Knowledge Worker productivity and AI – DBR 002

I discuss a definition of Knowledge Work and illustrate it with four (plus one) categories of Knowledge Work. I also talk about the implications of AI on each category.
  • Knowledge Work is using your brain/attention to produce new or altered information
  • Four categories
    • Factual knowledge is stored facts that can be recalled and used. Google is doing a pretty good job of making this kind of knowledge ubiquitous and thus irrelevant.
    • Process knowledge is stored processes of transforming or organizing information that can be recalled and reused. An example is how to create a routine report. To the degree that a process is truly repetitive, we employ computer programs to replicate this category of knowledge work.

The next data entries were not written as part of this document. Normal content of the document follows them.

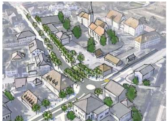
Skizze Moeri + Partner AG aus Projekt Sanierung Zentrumsbereich

1996 erschien das Buch «Münchenbuchsee – Ein Dorf wird Vorstadt». In diesem Buch wurde die Entwicklung Münchenbuchsees von der Land- zur Agglomerationsgemeinde von Bern nachgezeichnet. Das Buch kann bei der Gemeindeverwaltung Münchenbuchsee käuflich erworben werden.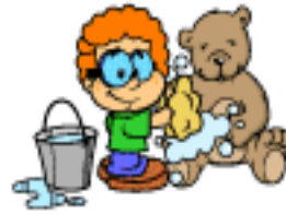
Lavar o ursinho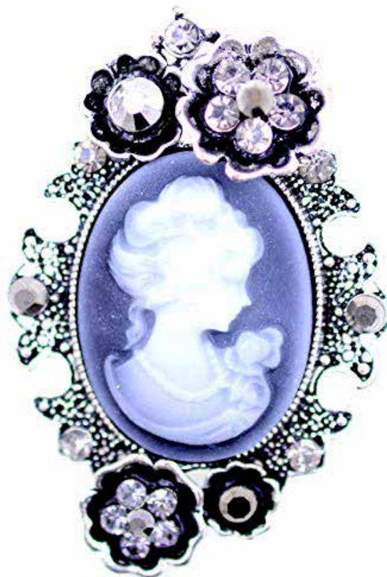
Fig. 12 Camafeo de tipo victoriano.

Xoias que contrastaban cunha recorrencia ao negro na indumentaria e irrompían fortemente no panorama dunha sociedade, como xa dixemos anteriormente, moi asfixiante e encostelada que facía á muller mística e submisa. Esta é unha época que fixo marca de identidade unha xoia insubstituíbel e inesquecible como o foi o camafeo, unha curiosa xoia que co tempo írase modificando. Existindo versións que levan dentro fotografías de persoas achegadas falecidas ou namorados, ou mesmo incluso tamén se deron os " gardapelos " (Fig.12)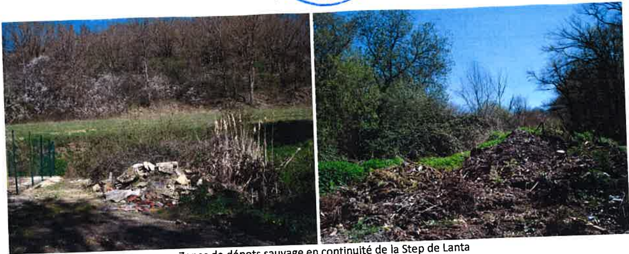
Zones de dépôts sauvage en continuité de la Step de Lanta

Ces éléments artificiels (STEP / dépôts) sont présents au sein de « l'espace de grande qualité » identifié au sein du SCOT et posent dès lors question à la commune de Lanta sur leur maintien dans ce classement.

    • Understanding knowledge is closest to experience and considers which tool, process, or system should be used to address a specific kind of knowledge work problem.
    • Knowledge creation is the generation and description of new knowledge. This is the realm of academics, science, and engineering.
  • Plus one category
    • Problem solving is different. It encompasses the other four categories (to the degree that they are available to the problem solver) and produces outputs that are novel, at least in the problem solver’s experience. In another sense, it also underlies the other four. Example: if factual knowledge is lacking, we can use problem solving to find the fact.

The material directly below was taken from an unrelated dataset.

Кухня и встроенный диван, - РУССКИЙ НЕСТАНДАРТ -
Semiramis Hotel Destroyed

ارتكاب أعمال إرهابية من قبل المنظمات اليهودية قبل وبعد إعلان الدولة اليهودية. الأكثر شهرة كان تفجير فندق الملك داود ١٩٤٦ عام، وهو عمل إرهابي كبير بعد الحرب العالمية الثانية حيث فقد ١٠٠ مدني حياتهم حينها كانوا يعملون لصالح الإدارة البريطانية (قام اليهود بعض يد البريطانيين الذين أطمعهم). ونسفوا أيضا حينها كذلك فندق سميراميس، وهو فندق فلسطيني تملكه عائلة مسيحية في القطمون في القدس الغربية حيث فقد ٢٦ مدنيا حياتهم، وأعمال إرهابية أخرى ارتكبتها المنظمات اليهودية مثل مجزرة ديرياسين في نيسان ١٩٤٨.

  • Knowledge worker productivity
    • Peter Drucker posed the notion that the primary challenge of 21st century management is to improve the productivity of knowledge workers. His example is the 20th century’s vast improvement of the productivity of manual labor.
    • This is not yet a clearly solved problem, although he posed it about 60 years ago.
  • What about AI? Is it evil, or is it helping us be “more productive” in some categories of knowledge work?
    • Google has come a long way in giving everyone factual knowledge.
    • Computer programs are helping us with process knowledge.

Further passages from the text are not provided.